#NationalCoffeeDay- My drink of choice tonight was Mocha Frappe from McDonalds

Today is a day that people who are connoisseurs of a certain kind of bean can get in on. It is National Coffee Day! Now, I know, every day is a celebration of coffee, right? Well, maybe not to the members of the faith that I was raised in, but I can drink the beverage guilt-free now! So how did you celebrate the day?

Stores across the nation had special deals on some coffee drinks. Ironically, the store one would think would offer their customers some kind of bargain on their specialty item did not really have a sale, but Starbucks celebrated today, and will continue to celebrate through Sunday by having no menu boards. Instead, Starbucks is sharing information with customers about how their coffee purchases have made a difference, and will educate on the company’s commitment to coffee from ethical and sustainable sources.

Several other offers were available. A local coffee shop in our area used 20% of the proceeds made today on purchases to go toward Puerto Rico’s hurricane disaster relief.

Fun facts about coffee:

 80% of adults consume caffeine every day in the United States.

The Food and Drug Administration says the average intake is 200 milligrams,which is about two five-ounce cups of coffee.

The original definition of coffee means “wine.”

Coffee was originally named qahwah, came from the Yemen term for wine. The Turks called it kahveh, then the Dutch referred to it as koffie. Donald Trump prefers covfefe. Just kidding, I had to get the joke in somehow.

Decaf is not really caffeine-free.

An eight ounce brewed cup of decaf coffee actually has two-to-12 milligrams of caffeine, while a regular cup of coffee has anywhere from 95 to 200 milligrams. Not a whole lot of caffeine, but you are not escaping it altogether by pouring the decaf in your cup.

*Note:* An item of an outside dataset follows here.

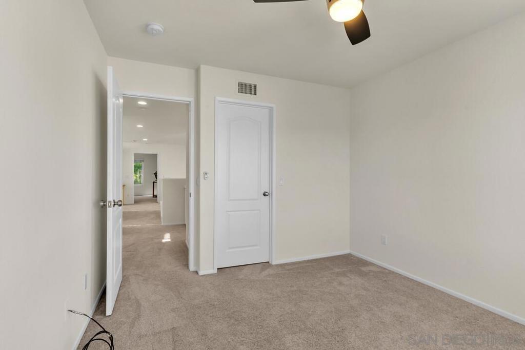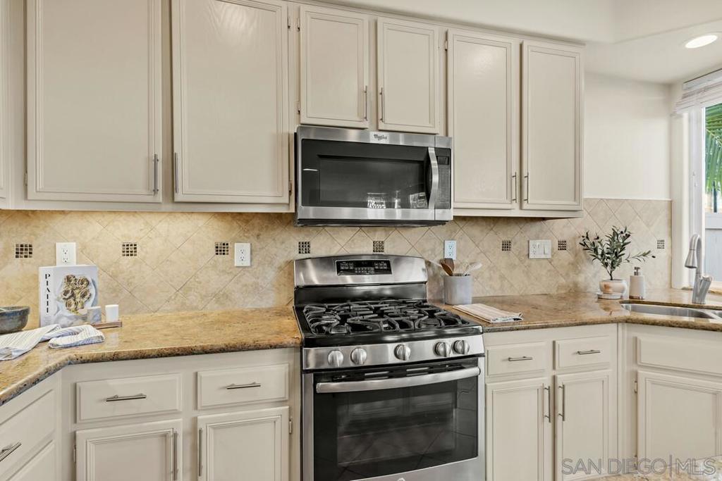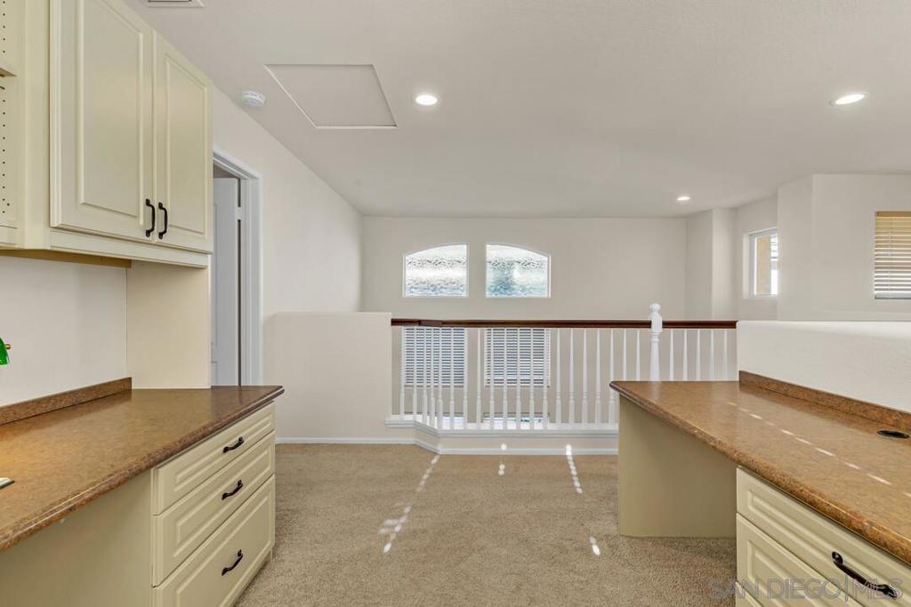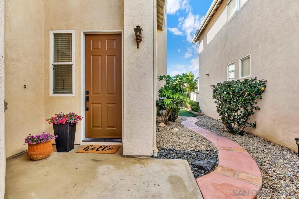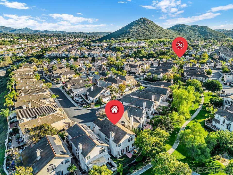 True resort-style Southern California living awaits in the gated community of Vista Del Lago. This exceptional updated home backs to a beautiful grassy park with a gazebo, and mountain views offering rare privacy. A full-length driveway with room for two cars plus a two-car garage lots of storage makes this home truly unique for the community. Inside, you’re welcomed by stunning leaded glass, cathedral ceilings, and abundant natural light. The spacious family room with fireplace flows seamlessly into the kitchen, ideal for everyday living and entertaining. Upstairs, the loft features custom built-in cabinetry with three workstations, ideal for a home office or homework area, with the option to enclose it as a fourth bedroom and additional expansion potential by adding square footage within the high cathedral ceilings, as seen in similar homes in the community. The primary suite enjoys serene views and includes a spa-like bath with soaking tub and an oversized walk-in closet with built-ins. The lush, low-maintenance backyard features a patio for entertaining, artificial turf, flowering plants, palms, and peaceful park and mountain views. Enjoy world-class community amenities including pools, spas, pickleball and tennis courts, fitness center, and recreation grounds. Ideally located near major employment hubs with easy access to the 15 freeway, shopping, dining, and schools. Zoned for Chaparral Elementary, Bernardo Heights Middle, and Rancho Bernardo High within the award-winning Poway Unified School District. Freshly painted, updated bathrooms, and move-in ready. Welcome home!

 Brazil produces most of the world’s coffee.

40% of the world’s coffee comes out of Brazil- twice as much as Colombia and Vietnam(who come in 2nd and 3rd in production).

Coffee is the second most traded commodity on our planet.

The Global Exchange tells us that there are approximately 25 million farmers in over 50 countries involved in producing coffee. It comes in 2nd to oil.

Mormons aren’t the only ones who have banned coffee.

The first ban seems to originate in Mecca in 1511. Why?  Leaders believed it stimulated radical thinking.  Italian clergymen in the 16th century tried to ban coffee because they believed it to be “satanic.” That ban was lifted by Pope Clement VII, a coffee lover in 1600. Ottoman leader Murad IV created punishments for coffee drinkers in 1623  which included beatings and being thrown into the sea. In 1746, Swedes weren’t even allowed to have cups or plates for coffee. In 1777, Frederick the Great of Prussia declared that beer was superior to coffee, so he proclaimed a manifesto to prevent coffee from being chosen over beer.

There may be some health benefits to drinking coffee

According to WebMD, research shows that coffee drinkers, compared to nondrinkers, are less likely to have type 2 diabetesParkinson’s disease, and dementia. They also have fewer cases of certain cancers, heart rhythm problems, and strokes.